La situation socio-économique du Pérou s’est aggravée ces dernières années.
Même si le Pérou enregistre une croissance régulière du PIB ces dernières années, le pays, dirigé par Boluarte, continue de lutter contre la pauvreté, la malnutrition et le manque de personnel médical.

Mme Boluarte a donné à l’Institut National de la Statistique et de l’Information (INEI) l’ordre absurde de ne pas publier ses données sur la pauvreté, faisant valoir qu’« il n’est pas nécessaire de signaler les mauvaises nouvelles » à la population (comme si les réalités de la vie quotidienne ne suffisaient pas à ce que celle-ci soit informée). La révélation de cet ordre a suffi à la pression nationale et internationale pour forcer la main d’une dictatrice qui, en plus d’être prête à tuer pour se maintenir au pouvoir, est une source d’embarras pour les Péruvien·ne·s.

Cependant, Boluarte avait raison de s’inquiéter de la publication de ces données. Le taux de pauvreté a augmenté de 1,5 % au Pérou rien qu’en 2023 ; à la fin de l’année, 29 % des Péruvien·ne·s étaient pauvres et 5,7 % vivaient dans une pauvreté extrême, ce qui signifie qu’iels n’avaient même pas assez à manger.

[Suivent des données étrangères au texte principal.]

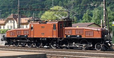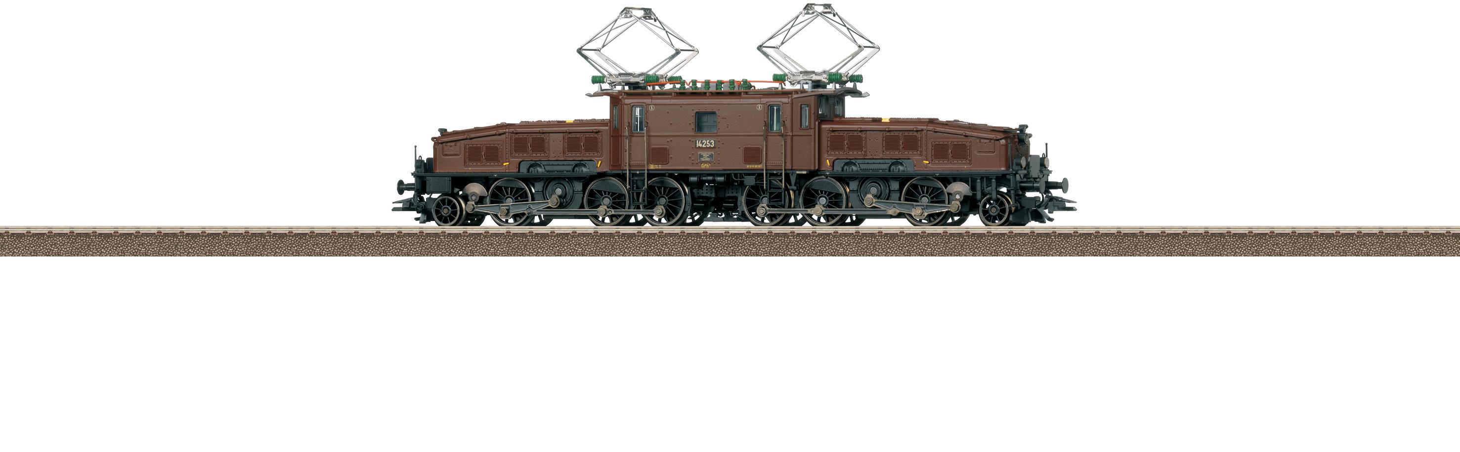 Prototype: Swiss Federal Railways (SBB) class Ce 6/8 II “Crocodile” electric locomotive, as a museum locomotive of SBB Historic. Design from the rst production series. Dark brown basic paint scheme. Standard sleeve-style buffers, end walkover plates, small switching steps, and grab irons included. Oncoming train light and Signum-Integra magnets included. Locomotive road number 14253. The locomotive looks as it currently does in real life. Model: The locomotive has a digital decoder and extensive sound functions. It also has 2 controlled high-ef ciency propulsion systems with ywheels, 1 motor for each powered truck. 3 axles and jackshaft powered in each powered truck. Traction tires. The locomotive frame is articulated to enable the locomotive to negotiate sharp curves. The triple headlights and 1 white marker light (Swiss headlight / marker light code) change over with the direction of travel, will work in conventional operation, and can be controlled digitally. When the locomotive is running “light” the lighting can be changed to 1 red marker light. The locomotive has highly detailed metal construction with many separately applied details. The locomotive body comes in 3 parts with hoods that swing out separately. The roof equipment is detailed with safety grills beneath the pantographs. Length over the buffers 22.3 cm / 8-3/4“.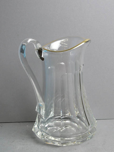 LARGE CUT GLASS JUG WITH GOLD RIM 24 CM

Alors que les pays voisins reviennent à leurs niveaux de pauvreté d’avant la pandémie, le Pérou ne se porte pas mieux aujourd’hui qu’il ne l’était pendant la Covid. En chiffres, cela signifie qu’environ 9 780 000 Péruvien·ne·s sont classé·es comme pauvres, soit près de 600 000 de plus qu’en 2022 et 3 300 000 de plus qu’avant la pandémie.

En plus de ces chiffres, 31,4% de la population est considérée comme vulnérable ; en d’autres termes, sur le point de basculer dans la pauvreté. Le taux de pauvreté a augmenté pour la deuxième année consécutive, après une progression de 1,6% en 2022, ce qui n’a pas été enregistré depuis longtemps. Entre 2022 et 2023, en d’autres termes, le nombre de pauvres au Pérou a augmenté de plus d’un million. 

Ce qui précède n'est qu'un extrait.